• _What to do_:
Without its pictures, the listing below is to be transcribed exactly.

• _Data shown_:
┌──

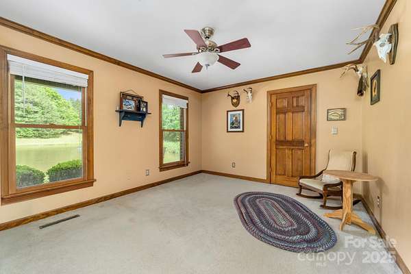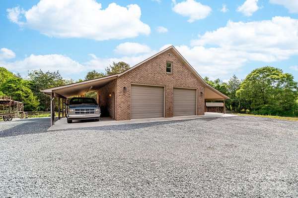 Private 6.1-acre retreat with endless lifestyle potential! This full-brick ranch overlooks a beautiful pond and features 3 beds, 2 baths, a flex/office with French doors, a spacious living room with built-ins, and an inviting kitchen/dining area. Enjoy stunning views from every bedroom and peaceful evenings on the front porch swing. With multiple outdoor living spaces - a screened porch, back deck, and a front porch overlooking the pond - this home delivers a true retreat feel. You'll also appreciate the convenience of the attached 2-car garage. The property is loaded with functional extras, including a tractor carport, RV hookups, an efficient wood burner for heating the home and/or workshop, several wood storage areas, and more. An oversized workshop with bathroom and upstairs space is perfect for car enthusiasts, hobbyists, or a dedicated workspace. Open acreage offers ideal potential for horses or farm use, with plenty of room for equipment, tractors, or construction needs. Beautiful garden areas and unbeatable pond views complete the picture.
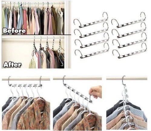 -. Feature : Our steel closet hanger hang six times the amount of shirts, skirts, pants and more in the space of a traditional single hanger. Hang your clothes simply in your chest of drawers or on the clothes allotted slots. Reduce the clothing store space!! Great for belts and other accessories too!!! / This hanger cascader hang six times the amount Great for belts and other accessories too / Material: Galvanized iron Chrome steel, 10 1/4 x 3/4 / 1 x Set of 8 steel hanger TIPS:If you are looking to hang no matter light clothes like shirts and t-shirts, dresses, Or even heavy items, jeans, pants coats and the like, this metal hanger is 100% what you need.
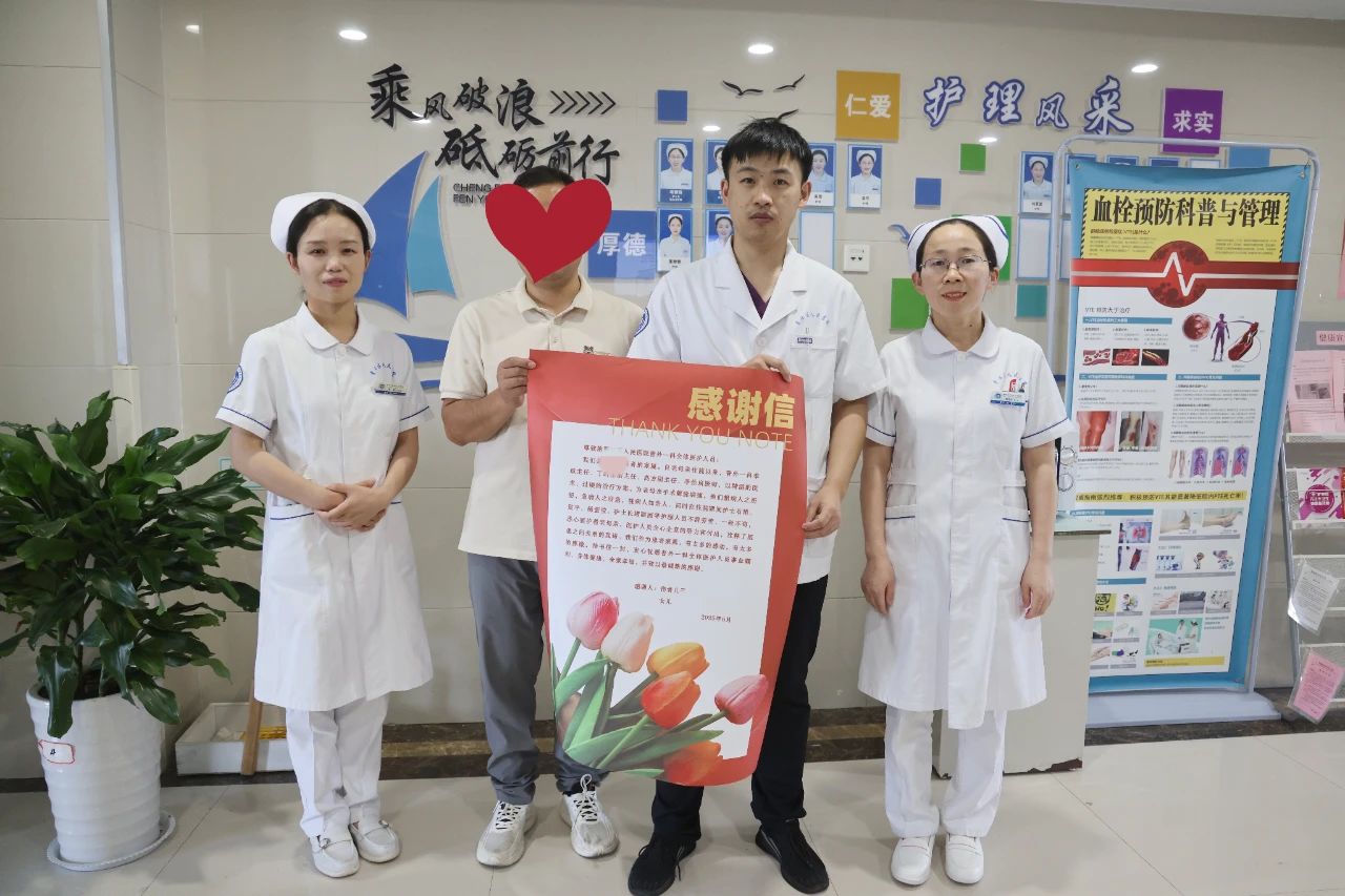 出院当天,说话还不甚清晰的邵奶奶眼含泪水,紧紧握住医生的手表达感激,她的家人也给普外一科全体医护人员送来感谢信。

└──

• _Response to this task_:
 Private 6.1-acre retreat with endless lifestyle potential! This full-brick ranch overlooks a beautiful pond and features 3 beds, 2 baths, a flex/office with French doors, a spacious living room with built-ins, and an inviting kitchen/dining area. Enjoy stunning views from every bedroom and peaceful evenings on the front porch swing. With multiple outdoor living spaces - a screened porch, back deck, and a front porch overlooking the pond - this home delivers a true retreat feel. You'll also appreciate the convenience of the attached 2-car garage. The property is loaded with functional extras, including a tractor carport, RV hookups, an efficient wood burner for heating the home and/or workshop, several wood storage areas, and more. An oversized workshop with bathroom and upstairs space is perfect for car enthusiasts, hobbyists, or a dedicated workspace. Open acreage offers ideal potential for horses or farm use, with plenty of room for equipment, tractors, or construction needs. Beautiful garden areas and unbeatable pond views complete the picture.
 -. Feature : Our steel closet hanger hang six times the amount of shirts, skirts, pants and more in the space of a traditional single hanger. Hang your clothes simply in your chest of drawers or on the clothes allotted slots. Reduce the clothing store space!! Great for belts and other accessories too!!! / This hanger cascader hang six times the amount Great for belts and other accessories too / Material: Galvanized iron Chrome steel, 10 1/4 x 3/4 / 1 x Set of 8 steel hanger TIPS:If you are looking to hang no matter light clothes like shirts and t-shirts, dresses, Or even heavy items, jeans, pants coats and the like, this metal hanger is 100% what you need.
 出院当天,说话还不甚清晰的邵奶奶眼含泪水,紧紧握住医生的手表达感激,她的家人也给普外一科全体医护人员送来感谢信。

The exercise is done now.